### [EXERCISE GOAL]
The lines below from the one with "The Fila Crinkle" up to and including the one with "この日全体差枚のトップに輝い" are what you should set down, exactly and without pictures.

┌─ RECORDS FOR THIS TASK

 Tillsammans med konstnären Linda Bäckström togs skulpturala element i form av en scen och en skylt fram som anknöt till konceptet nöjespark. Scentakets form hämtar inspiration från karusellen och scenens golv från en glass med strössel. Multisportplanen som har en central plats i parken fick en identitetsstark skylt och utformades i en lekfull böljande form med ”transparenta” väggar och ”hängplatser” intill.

└─
┌─ RECORDS FOR THIS TASK

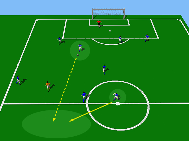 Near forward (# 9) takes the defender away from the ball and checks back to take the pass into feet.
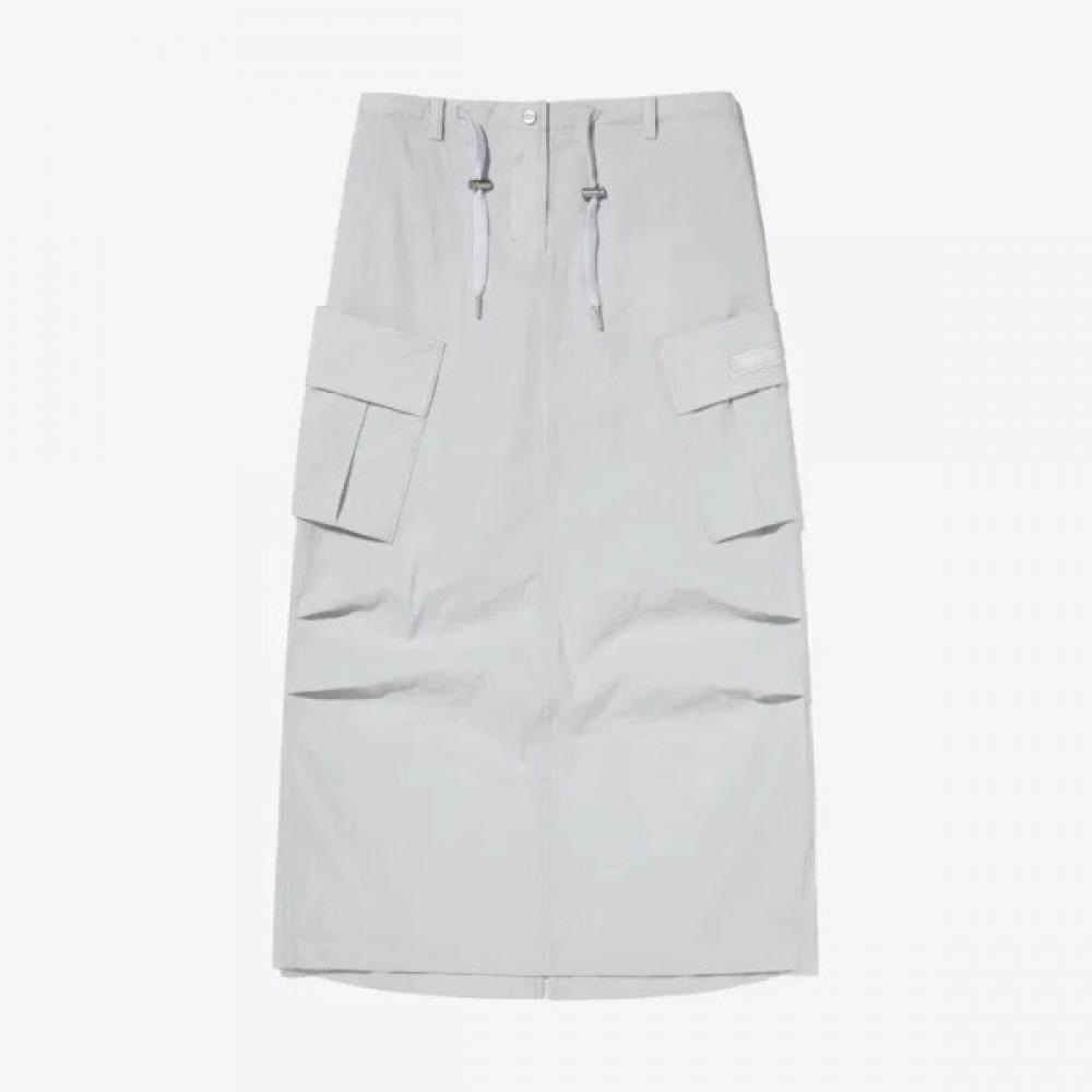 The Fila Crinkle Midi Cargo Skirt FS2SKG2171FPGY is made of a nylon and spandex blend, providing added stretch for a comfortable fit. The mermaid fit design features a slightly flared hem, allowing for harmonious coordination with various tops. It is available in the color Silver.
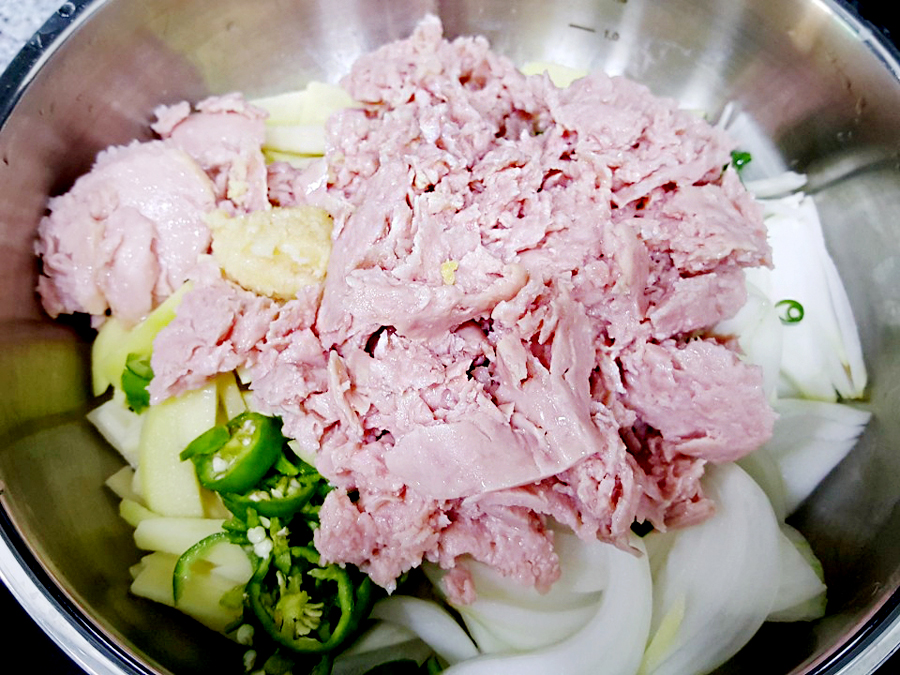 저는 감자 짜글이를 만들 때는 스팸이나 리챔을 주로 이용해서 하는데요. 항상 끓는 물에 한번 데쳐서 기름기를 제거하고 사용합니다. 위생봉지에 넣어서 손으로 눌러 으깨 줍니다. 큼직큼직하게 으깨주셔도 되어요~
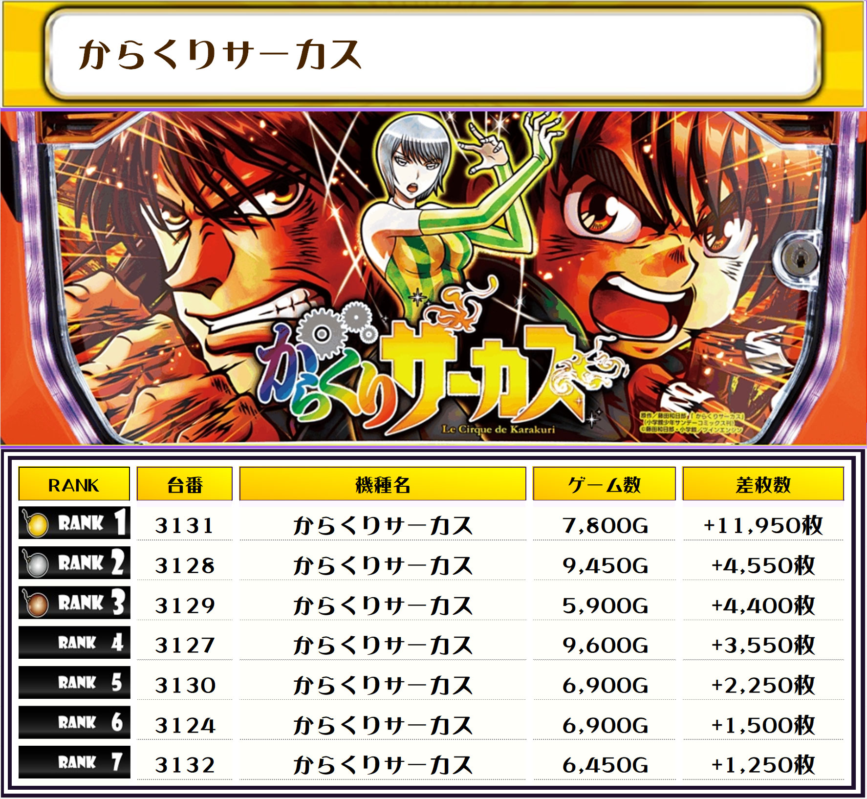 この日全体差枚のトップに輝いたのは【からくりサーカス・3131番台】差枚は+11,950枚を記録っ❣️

└─
┌─ RECORDS FOR THIS TASK

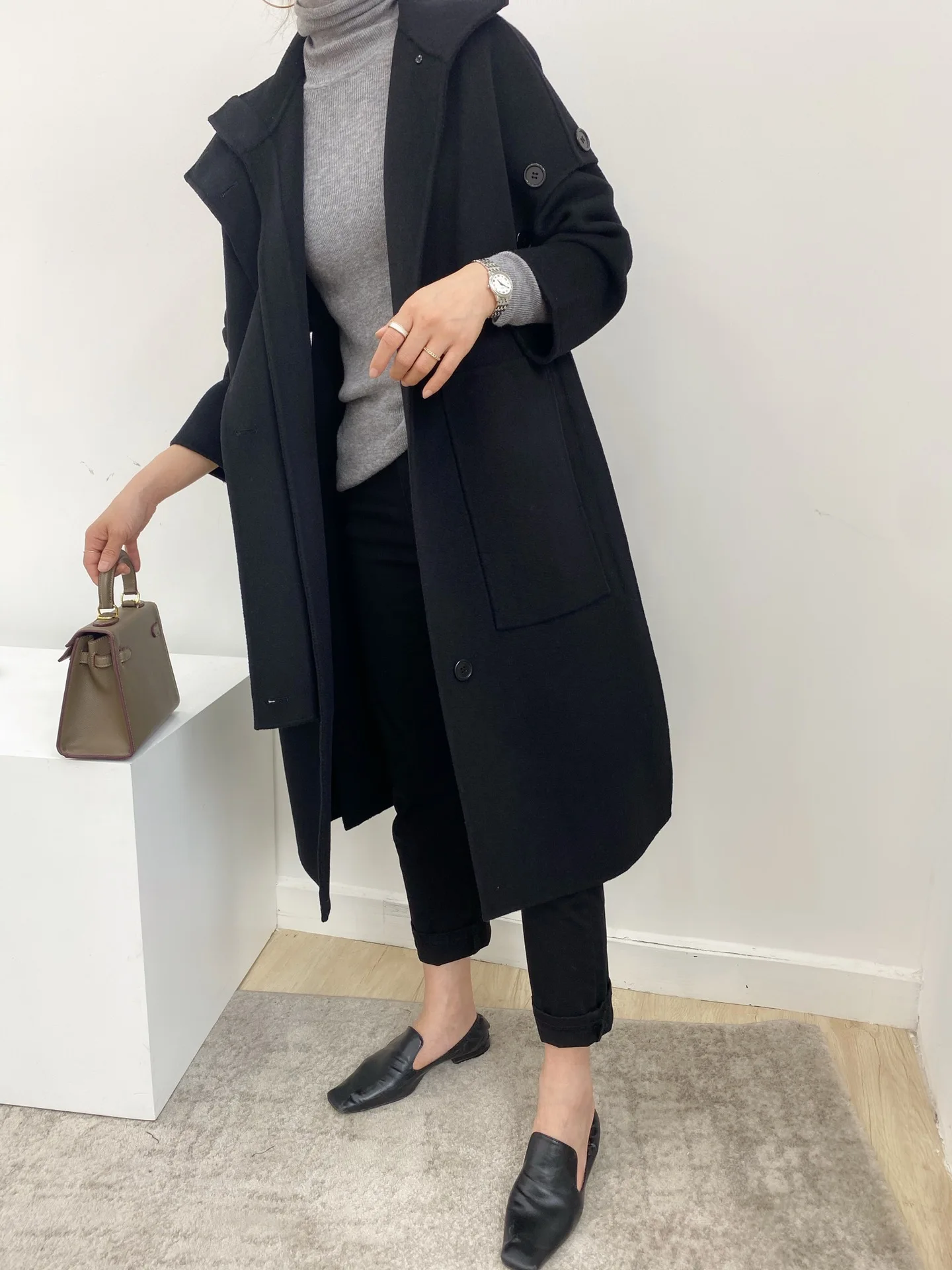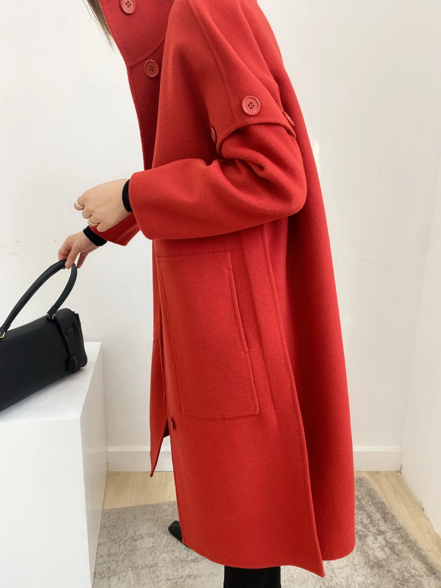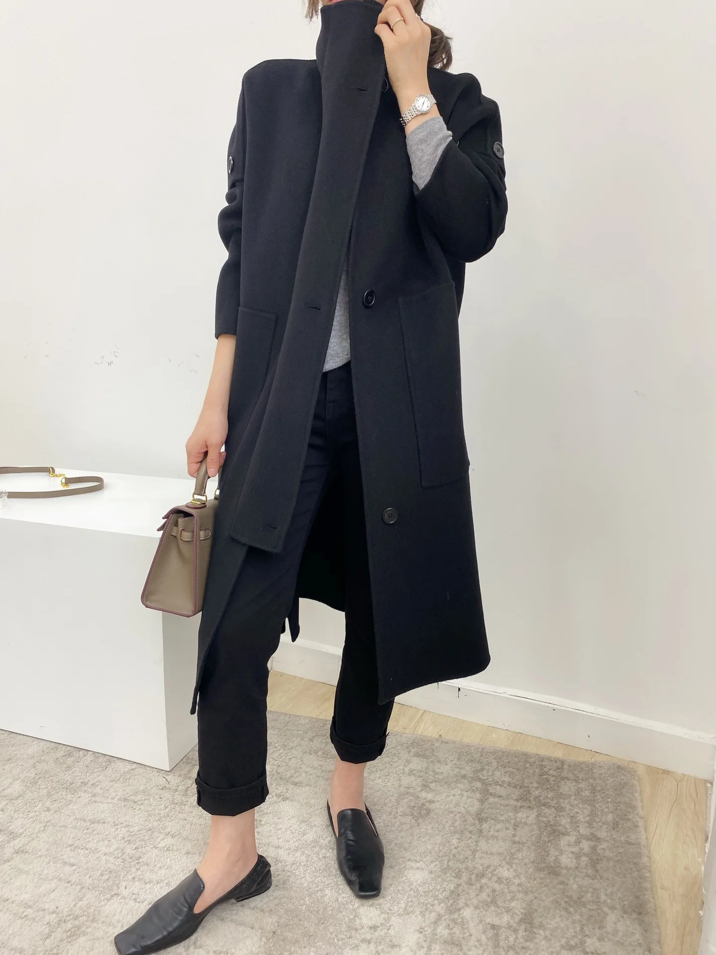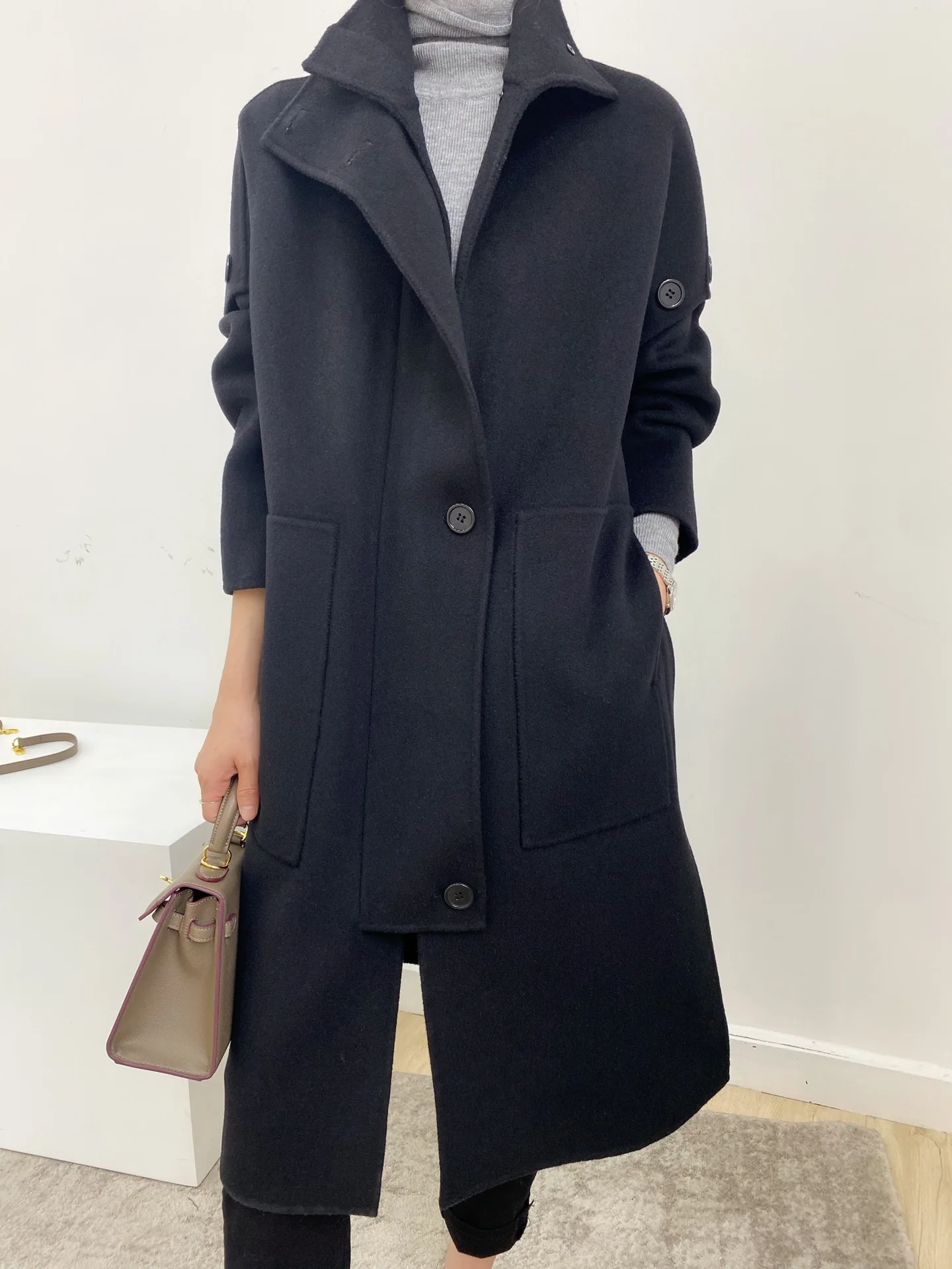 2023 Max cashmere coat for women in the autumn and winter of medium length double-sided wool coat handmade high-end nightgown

└─

### [ANSWER TO THIS PROBLEM]
 The Fila Crinkle Midi Cargo Skirt FS2SKG2171FPGY is made of a nylon and spandex blend, providing added stretch for a comfortable fit. The mermaid fit design features a slightly flared hem, allowing for harmonious coordination with various tops. It is available in the color Silver.
 저는 감자 짜글이를 만들 때는 스팸이나 리챔을 주로 이용해서 하는데요. 항상 끓는 물에 한번 데쳐서 기름기를 제거하고 사용합니다. 위생봉지에 넣어서 손으로 눌러 으깨 줍니다. 큼직큼직하게 으깨주셔도 되어요~
 この日全体差枚のトップに輝いたのは【からくりサーカス・3131番台】差枚は+11,950枚を記録っ❣️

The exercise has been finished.